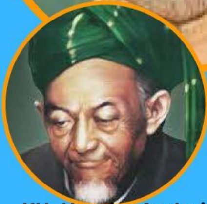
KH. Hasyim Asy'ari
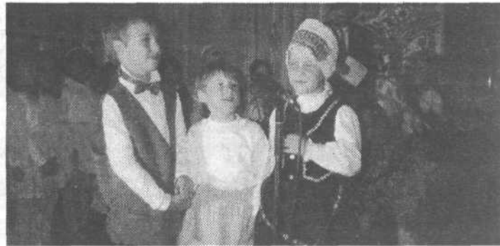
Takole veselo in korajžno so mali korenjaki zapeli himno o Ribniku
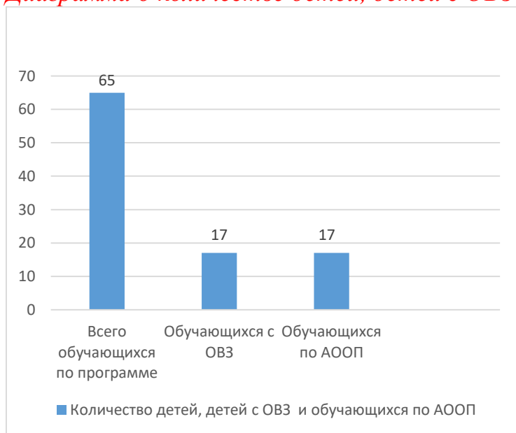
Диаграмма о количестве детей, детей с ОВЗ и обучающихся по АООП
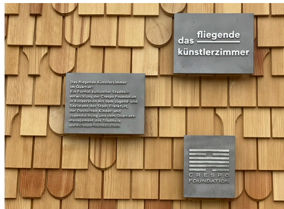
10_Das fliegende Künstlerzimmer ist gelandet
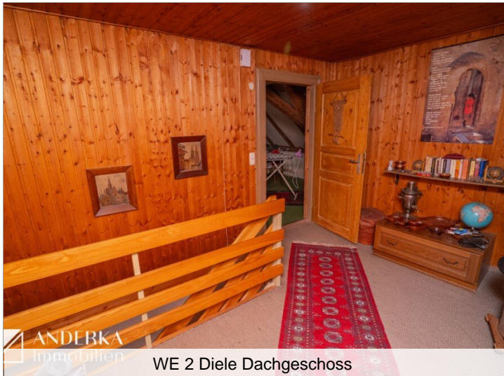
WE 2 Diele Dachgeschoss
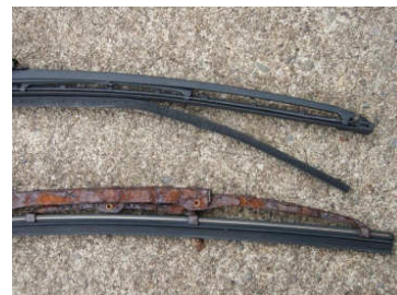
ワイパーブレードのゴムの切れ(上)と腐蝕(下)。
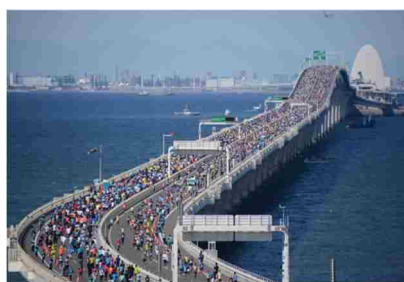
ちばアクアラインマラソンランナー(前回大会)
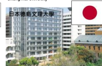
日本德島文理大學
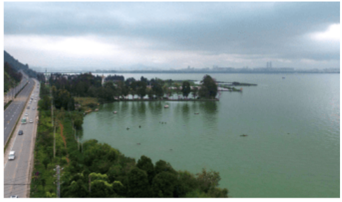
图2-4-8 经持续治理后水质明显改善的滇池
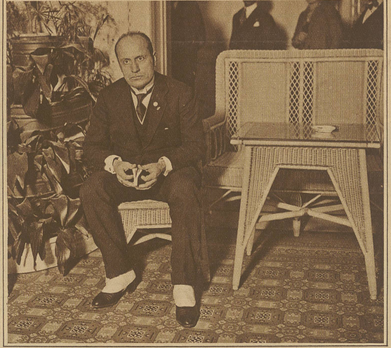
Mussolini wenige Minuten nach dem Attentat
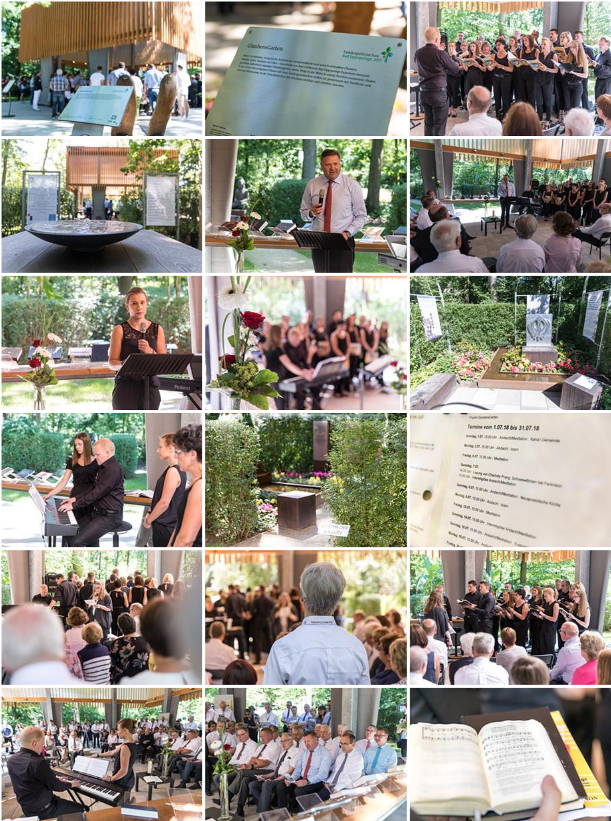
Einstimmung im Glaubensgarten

+++

▶ **EXERCISE PROMPT**
Word for word, repeat each line of the records, and leave every image out.

▶ **RESPONSE TO THIS EXERCISE**
KH. Hasyim Asy'ari
Takole veselo in korajžno so mali korenjaki zapeli himno o Ribniku
Диаграмма о количестве детей, детей с ОВЗ и обучающихся по АООП
10_Das fliegende Künstlerzimmer ist gelandet
WE 2 Diele Dachgeschoss
ワイパーブレードのゴムの切れ(上)と腐蝕(下)。
ちばアクアラインマラソンランナー(前回大会)
日本德島文理大學
图2-4-8 经持续治理后水质明显改善的滇池
Mussolini wenige Minuten nach dem Attentat
Einstimmung im Glaubensgarten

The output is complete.